The three-wide parade lap prior to Sunday's 49th Winchester 400 at Winchester (Ind.) Speedway. (Randy Crist photo)
The three-wide parade lap prior to the 49th Winchester 400 at Winchester (Ind.) Speedway in 2020. (Randy Crist photo)

ARCA Continues Sanction Of CRA & Midwest Tour

TEMPERANCE, Mich. — Officials from ARCA, the Champion Racing Ass’n and the ARCA Midwest Tour have confirmed the extension of the organizations’ sanctioning relationship for this year.

Both CRA and the Midwest Tour are owned and operated by respected industry veterans. CRA founders and principals R.J. Scott and Glenn Luckett are marking a quarter century of the tour’s existence, and Midwest Tour owner and general manager Gregg McKarns is a second generation racing businessman voted by his peers as the 2019 RPM Workshops National Promoter of the Year.

“We are pleased to extend the solid working relationship we have enjoyed with the team at ARCA for what will be our 10th consecutive season,” said CRA Managing Partner R.J. Scott. “It’s especially noteworthy that anniversary coincides with the 25th season of competition for the ARCA/CRA Super Series powered by JEGS.”

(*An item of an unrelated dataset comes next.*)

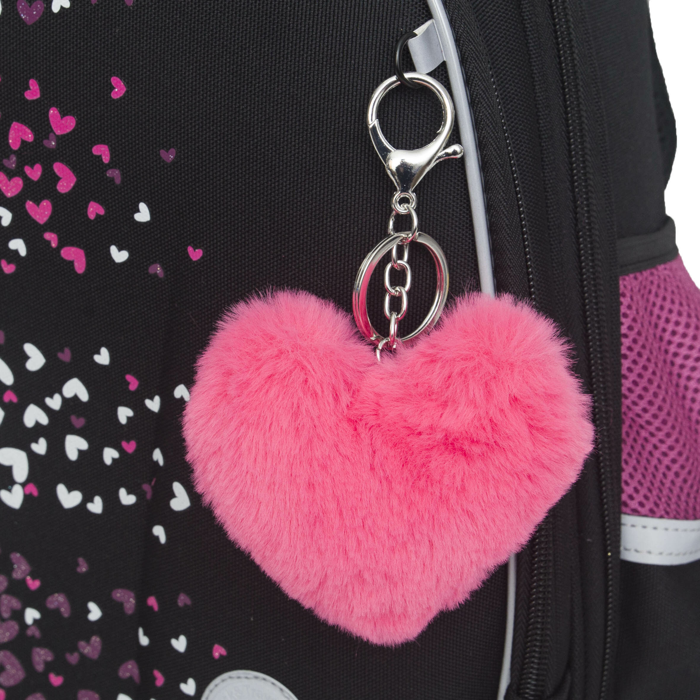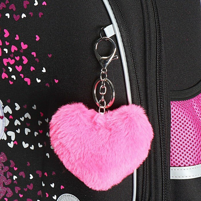 СохранитьРанец каркасный, 36 х 28 х 20 см, Grizzly, из плюша, + брелок, чёрный/розовый интересное:

The ARCA/CRA Super Series powered by JEGS ran its first race in 1997 and has been in continuous operation since. The series has raced at 37 tracks across the eastern U.S. appearing in Florida, Georgia, Indiana, Illinois, Michigan, Missouri, North Carolina, Ohio, Tennessee and Wisconsin.

“We’re proud to partner with ARCA, with its long history of stock car racing both nationally and especially with its focus on Midwest short track racing,” said McKarns, who is also the owner and promoter at Madison Int’l Speedway in Wisconsin. “We are full speed ahead after an abbreviated 2020 and excited about the schedule of great tracks on the AMT schedule for 2021, the series’ 15th season.”

Carrying on the late model racing tradition of the Midwest-based ARTGO Series established by McKarns’ late father John McKarns from the 1970s to the 1990s, the ARCA Midwest Tour has raced at 22 tracks in Illinois, Indiana, Iowa, Michigan, Minnesota, Ohio, Tennessee and Wisconsin since 2007.

Combined, the two series sanction or co-sanction some of the most prestigious events in pavement late model racing in the Eastern United States. The Winchester 400 in Indiana, Oktoberfest in Wisconsin, the All American 400 in Tennessee, SpeedFest in Georgia, the Glass City 200 in Ohio, Battle at Berlin 251 in Michigan, Wisconsin’s Joe Shear Classic, the RedBud 400 in Indiana and the Father’s Day 100 at the Milwaukee Mile are all included in the tours’ overall 2021 schedule among many other major long running traditional races.